FDASPEC in use by other user on Citrix

gerd_renz3

VIP Member
Hi,

starting last week I am getting this error that the fdaspec file is in use by another user on some of our Citrix servers. When I take all users off that server it fixes the problem.

The strange part is that the error always accurs around 3:30 pm, never in the morning or and never at night.

We installed a new full package on last Friday. That day we did not see this error and thought it was resolved until it hit again today, at 3:30pm . The problem also appears on only on 3 or 4 of our 15 Citrix servers at a time.


TamMultiUserOn is set to 1 in the JDE.INI files.

We run on B7334, Oracle 10, HP-UX servers.

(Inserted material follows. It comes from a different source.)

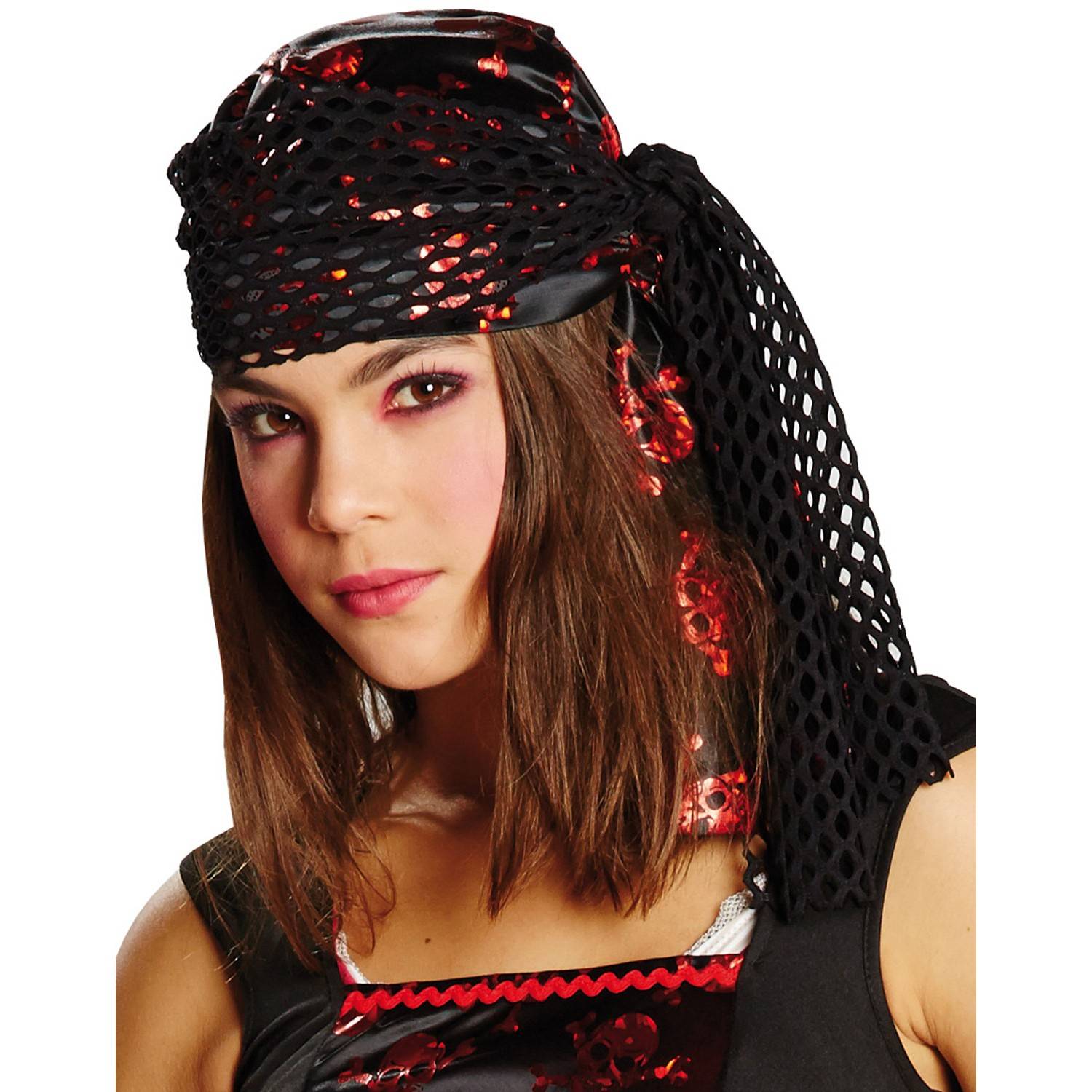 Приблизить повязку на голову к стилю пиратов способны черепа и кости в виде узоров. Причем пиратскую тематику можно спутать с готической, однако косынки покорителей морей выглядят более хулиганскими и задорными. Цвет изделия – преимущественно черный, однако встречаются и красочные банданы – синие, красные.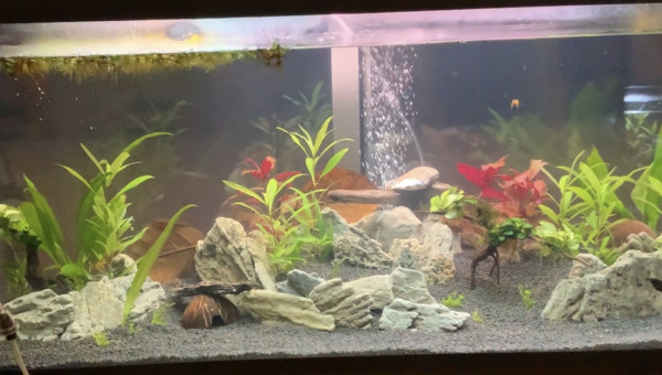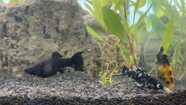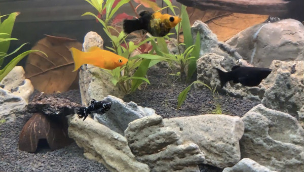4 femelle mollys Golden lyre Golden dust Black lyre Dalmatien noir tache blanche 1 mâle molly Golden lyre Des pierres que j’ai trouvé sur la plage

Does anybody have any suggestions ?

Thanks, Gerd
 
Boa tarde Gerd!

Como é você hoje? The last time I started to see a cluster of FDASPEC locks, it turned out to be a user that was breaking our policies. The user was logging on, from multiple computers, using the same lan and JDE id. The user was then running the same report from multiple sessions. In this case, it was a user in a retail store running invoicing. What happened is that when the user submitted the report to the batch server while another report with the same user name was running, JDE got confused and screwed up both sets of reports and corrupted the specs. Take a look at 3:30 and see if you can find any users in multiple times. Our users claimed they weren't doing that, but when I caught them red handed, they confessed.

- Gregg
 
Thanks Gregg, good point.

I checked with our Citrix admin. According to him it is not possible for a user to connect more then once. But I will keep an eye on it tomorrow, you never know. Good thing is that I know the time it happens.

Cheers, Gerd
 
[ QUOTE ]
I checked with our Citrix admin. According to him it is not possible for a user to connect more then once.

[/ QUOTE ]

I thought that too, until I had a user with access to three computers log in simultaneously. Try it, it's a loophole. Even if the user logs on with different lan IDs, there's nothing to then stop them from having multiple JDE sessions. Give it a test meu amigo.

- Gregg
 
[ QUOTE ]
Try it, it's a loophole. Even if the user logs on with different lan IDs, there's nothing to then stop them from having multiple JDE sessions.

[/ QUOTE ]

Sorry, but I'm going to have to call this one. There is NO technical issue having different LAN users running the SAME JDE session over and over. Its obviously not a good idea, because you don't know who does what in the system - but as long as the LAN users are different on each citrix box, then theres no TECHNICAL issue. (I'm stressing the word TECHNICAL - ie, it won't cause grief to the spec files)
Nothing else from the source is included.